Remont? Od fundamentów

Andrzej Macura

Trzeba ruszyć sprawę ochrony życia – przypomina Marek Jurek. I trudno się z nim nie zgodzić. Dom buduje się od fundamentów, nie od urządzania salonu, kuchni i łazienki.

Remont? Od fundamentów

Nowa władza usadawia się w fotelach. Prezydent już od sierpnia. Od listopada sejm, senat, rząd. Zmiany w służbach, przepychanki wokół Trybunału Konstytucyjnego. Zapowiedzi zmian w publicznych mediach. I wiele innych, mniej spektakularnych. Powrót normalności? Deplatformizacja w myśl zasady „tkm”? Opinie, jak zwykle w takich razach, podzielone. Jako chrześcijanina zaniepokoiła mnie deklaracja pani premier, że rząd na razie nie planuje zmian w ustawach o aborcji i o in vitro. To pierwsze.... choć wolałbym innych rozwiązań, w zasadzie jeszcze rozumiem. Drugiego już zdecydowanie nie.

Marek Jurek, znany z bezkompromisowości w kwestii obrony życia  uspokaja, że „najdłuższa droga rozpoczyna się od pierwszego kroku” i że ochrona życia poczętego to nie kwestia światopoglądu, którym nie chce się na razie zajmować rząd.
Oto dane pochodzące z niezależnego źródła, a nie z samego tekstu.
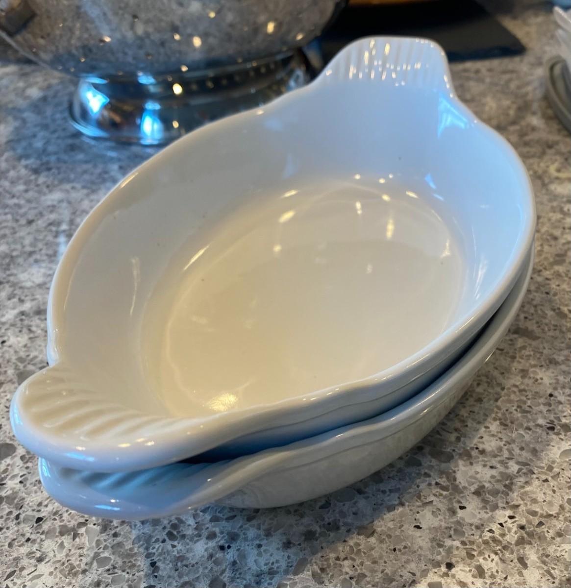 Oblong white ceramic gratin dishes

Tyle że deklaracje Beaty Szydło były jasne: nie planuje zmian w ustawach  o aborcji i o in vitro. Co na to parlament? Czy po raz kolejny okaże się, że ci, którym zależy na obronie życia zostali oszukani? Że ważniejsze od życia okażą się wpływy na służby, publiczne media i spółki skarbu państwa?

Nie wiem. Wiem za to, że budowanie sprawiedliwego społeczeństwa trzeba zaczynać od fundamentów. Od przyznania należnych praw jednostkom, rodzinom i innym mniejszym od „państwa” społecznościom. Bez tego nasz wspólny dom zawsze będzie się chwiał. I nic nie dadzą kolejne ankry i podpórki.